How the Big Beautiful Bill Gutted Rural America
By Michael "Gene" Scott
2027: Sarah Can’t Find a Doctor
Tuesday morning, rural Kansas. Sarah Henderson is making the drive. Again. Two and a half hours each way to Kansas City—the closest doctor who takes her insurance. Well, took her insurance. After Medicaid work requirements kicked in, she lost coverage for three months in a paperwork snafu. By the time she got it back, her diabetes had spiraled.
Sarah’s story isn’t unique. It’s the new normal.
The clinic in Fredonia where she used to go? Closed in 2026. The regional hospital thirty minutes away? Cut cardiology and hospice. The nursing home where her mother lived? Shuttered, forcing a desperate search an hour away. In Gila County, Arizona, where 40% of residents rely on Medicaid, the local hospital runs on skeleton staff after laying off a quarter of its workers.
These communities didn’t ask for this. They voted for the administration that delivered it. Two-thirds of the 300 counties with the biggest Medicaid growth over fifteen years went for Trump in 2024. Kansas, Oklahoma, Alabama—states now facing the most rural hospital closures—all went red by wide margins.
A Slow Drowning
None of this is accident. These are policy choices, small decisions that seemed technocratic on paper but add up to catastrophe. Each provision came wrapped in a ribbon. Reform, they called it. The scissors went deeper than they said.
Cut #1: The Big Beautiful Bill (July 2025)
The One Big Beautiful Bill slashed over $1 trillion from Medicaid and the ACA. CBO estimated 17 million would lose coverage by 2034. Rural areas: $155 billion in cuts over ten years.
Republican senators called it “the largest investment in rural health care in decades,” pointing to a $50 billion “Rural Health Transformation Fund.” They didn’t mention the administration capped hospital funding at 15%. A $7.5 billion band-aid for a $990 billion wound.
The bill imposed work requirements, added paperwork, restricted state funding options. Each change sounded reasonable alone. Together, catastrophe.
Cut #2: Provider Taxes Eliminated
States have long used provider taxes—fees on hospitals and health plans—to fund Medicaid, with federal matching amplifying the investment. The new law capped and eliminated these taxes, cutting $375 billion over a decade.

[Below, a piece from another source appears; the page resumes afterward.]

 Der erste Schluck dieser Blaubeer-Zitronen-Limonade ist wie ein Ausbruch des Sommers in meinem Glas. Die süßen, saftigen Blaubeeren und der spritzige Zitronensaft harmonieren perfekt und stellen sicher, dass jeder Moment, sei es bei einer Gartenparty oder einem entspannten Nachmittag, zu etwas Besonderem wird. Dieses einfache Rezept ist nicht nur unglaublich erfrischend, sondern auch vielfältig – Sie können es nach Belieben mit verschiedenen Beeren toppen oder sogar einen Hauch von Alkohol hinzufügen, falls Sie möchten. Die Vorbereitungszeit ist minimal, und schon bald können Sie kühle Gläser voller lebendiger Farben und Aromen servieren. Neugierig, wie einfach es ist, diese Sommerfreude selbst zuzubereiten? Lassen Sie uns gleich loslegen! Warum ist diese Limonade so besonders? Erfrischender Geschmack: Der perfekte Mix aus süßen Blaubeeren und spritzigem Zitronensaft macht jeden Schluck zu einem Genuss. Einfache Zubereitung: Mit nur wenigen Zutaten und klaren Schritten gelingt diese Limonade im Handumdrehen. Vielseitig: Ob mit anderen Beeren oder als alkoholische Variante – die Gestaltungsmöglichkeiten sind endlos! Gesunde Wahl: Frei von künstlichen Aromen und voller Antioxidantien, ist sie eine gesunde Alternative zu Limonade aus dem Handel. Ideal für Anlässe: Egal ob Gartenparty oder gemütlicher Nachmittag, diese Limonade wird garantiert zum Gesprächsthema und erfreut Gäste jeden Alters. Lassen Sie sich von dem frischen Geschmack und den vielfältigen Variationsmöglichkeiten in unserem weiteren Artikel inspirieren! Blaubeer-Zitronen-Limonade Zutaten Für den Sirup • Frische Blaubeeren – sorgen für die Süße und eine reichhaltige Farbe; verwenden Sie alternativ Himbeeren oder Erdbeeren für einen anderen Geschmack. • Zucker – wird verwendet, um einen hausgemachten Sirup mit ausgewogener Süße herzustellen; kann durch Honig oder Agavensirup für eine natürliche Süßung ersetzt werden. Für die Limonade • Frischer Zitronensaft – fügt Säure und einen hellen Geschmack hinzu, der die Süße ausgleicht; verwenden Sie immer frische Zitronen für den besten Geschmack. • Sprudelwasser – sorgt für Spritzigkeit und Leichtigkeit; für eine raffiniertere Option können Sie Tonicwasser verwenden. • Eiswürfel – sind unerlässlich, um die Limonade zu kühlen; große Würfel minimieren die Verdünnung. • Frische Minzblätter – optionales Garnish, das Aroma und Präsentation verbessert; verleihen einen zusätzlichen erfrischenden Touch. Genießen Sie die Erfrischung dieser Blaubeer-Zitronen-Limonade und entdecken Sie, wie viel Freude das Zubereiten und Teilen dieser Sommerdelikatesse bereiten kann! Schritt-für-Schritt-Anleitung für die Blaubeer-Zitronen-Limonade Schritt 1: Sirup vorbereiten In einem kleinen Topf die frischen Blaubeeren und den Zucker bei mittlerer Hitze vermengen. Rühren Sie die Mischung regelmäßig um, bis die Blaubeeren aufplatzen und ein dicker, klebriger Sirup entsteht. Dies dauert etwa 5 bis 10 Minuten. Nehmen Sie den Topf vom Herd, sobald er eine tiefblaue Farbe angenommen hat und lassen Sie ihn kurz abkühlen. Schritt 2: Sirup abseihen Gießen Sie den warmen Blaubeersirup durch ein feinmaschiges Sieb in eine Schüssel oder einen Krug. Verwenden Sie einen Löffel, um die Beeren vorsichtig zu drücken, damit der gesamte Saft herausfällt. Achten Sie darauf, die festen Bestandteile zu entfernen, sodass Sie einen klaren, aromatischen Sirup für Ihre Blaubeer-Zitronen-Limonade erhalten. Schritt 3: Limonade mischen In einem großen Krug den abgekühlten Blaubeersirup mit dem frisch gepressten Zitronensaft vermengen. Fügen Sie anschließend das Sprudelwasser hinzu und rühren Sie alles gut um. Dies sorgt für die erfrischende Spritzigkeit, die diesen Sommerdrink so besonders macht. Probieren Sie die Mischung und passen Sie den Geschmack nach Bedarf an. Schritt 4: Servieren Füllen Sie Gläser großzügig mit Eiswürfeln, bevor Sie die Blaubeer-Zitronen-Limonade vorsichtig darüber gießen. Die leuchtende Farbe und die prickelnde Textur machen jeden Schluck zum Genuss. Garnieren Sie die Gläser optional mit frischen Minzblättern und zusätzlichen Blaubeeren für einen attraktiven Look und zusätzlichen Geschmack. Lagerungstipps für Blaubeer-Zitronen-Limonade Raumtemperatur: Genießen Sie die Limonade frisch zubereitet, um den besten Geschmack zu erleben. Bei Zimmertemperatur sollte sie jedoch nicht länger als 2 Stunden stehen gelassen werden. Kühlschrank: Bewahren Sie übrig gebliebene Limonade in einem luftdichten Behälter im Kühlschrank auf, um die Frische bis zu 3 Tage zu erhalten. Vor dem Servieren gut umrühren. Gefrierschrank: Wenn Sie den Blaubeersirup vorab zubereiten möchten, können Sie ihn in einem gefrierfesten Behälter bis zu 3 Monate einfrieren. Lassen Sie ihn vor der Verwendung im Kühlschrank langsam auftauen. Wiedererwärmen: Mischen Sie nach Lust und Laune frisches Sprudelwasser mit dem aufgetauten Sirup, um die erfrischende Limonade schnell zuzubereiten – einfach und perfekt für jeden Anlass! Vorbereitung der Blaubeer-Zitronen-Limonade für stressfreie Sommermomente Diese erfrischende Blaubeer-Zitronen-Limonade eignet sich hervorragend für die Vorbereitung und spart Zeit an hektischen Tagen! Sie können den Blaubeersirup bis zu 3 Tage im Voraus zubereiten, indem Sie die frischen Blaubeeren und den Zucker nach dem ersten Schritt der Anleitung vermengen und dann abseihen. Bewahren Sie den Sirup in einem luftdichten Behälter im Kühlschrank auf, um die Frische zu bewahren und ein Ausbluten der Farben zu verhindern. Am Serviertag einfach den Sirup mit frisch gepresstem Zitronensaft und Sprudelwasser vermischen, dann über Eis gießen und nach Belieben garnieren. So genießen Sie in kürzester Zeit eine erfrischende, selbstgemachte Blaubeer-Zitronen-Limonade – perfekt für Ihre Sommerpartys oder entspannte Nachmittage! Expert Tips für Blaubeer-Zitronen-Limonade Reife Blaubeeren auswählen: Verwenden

Senator Crapo called it closing a “loophole.” It closed hospitals. These facilities run on margins so thin they barely exist, serving populations where 47% of births are Medicaid-covered and 65% of nursing home residents depend on the program. In half of states, rural hospitals now face 20% Medicaid cuts. That doesn’t mean less profit. It means closed doors.

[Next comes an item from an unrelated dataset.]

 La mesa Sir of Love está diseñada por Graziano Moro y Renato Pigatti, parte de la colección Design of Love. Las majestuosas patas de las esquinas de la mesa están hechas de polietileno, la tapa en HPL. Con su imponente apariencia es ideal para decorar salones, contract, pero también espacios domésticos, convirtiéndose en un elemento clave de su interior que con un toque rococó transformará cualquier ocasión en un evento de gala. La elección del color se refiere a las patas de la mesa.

By mid-2025, before most provisions took effect, 338 rural hospitals were at immediate closure risk. Ninety-two had shut down the previous decade. The cuts turned crisis into collapse.
Meanwhile, Sarah’s insulin supply was halved last week. The pharmacy couldn’t restock. She’s rationing, cutting doses, gambling with her body.
Cut #3: ACA Subsidies Expired
Enhanced ACA premium tax credits expired at the end of 2025. The bill did nothing to extend them.
Premiums doubled for 20 million Americans. North Carolina: up 29% in 2026. Hundreds of thousands dropped coverage. Four million nationwide became uninsured from this one change.
The CBO was blunt: this was a choice. The subsidies could have been renewed. They were sacrificed to fund tax cuts for the wealthy.
Cut #4: Immigrant Eligibility Restricted
Lawfully present immigrants—refugees, asylum seekers, DACA recipients—lost access to Medicaid, CHIP, and ACA subsidies. An estimated 1.4 million lost coverage. People here legally, working, paying taxes, raising families.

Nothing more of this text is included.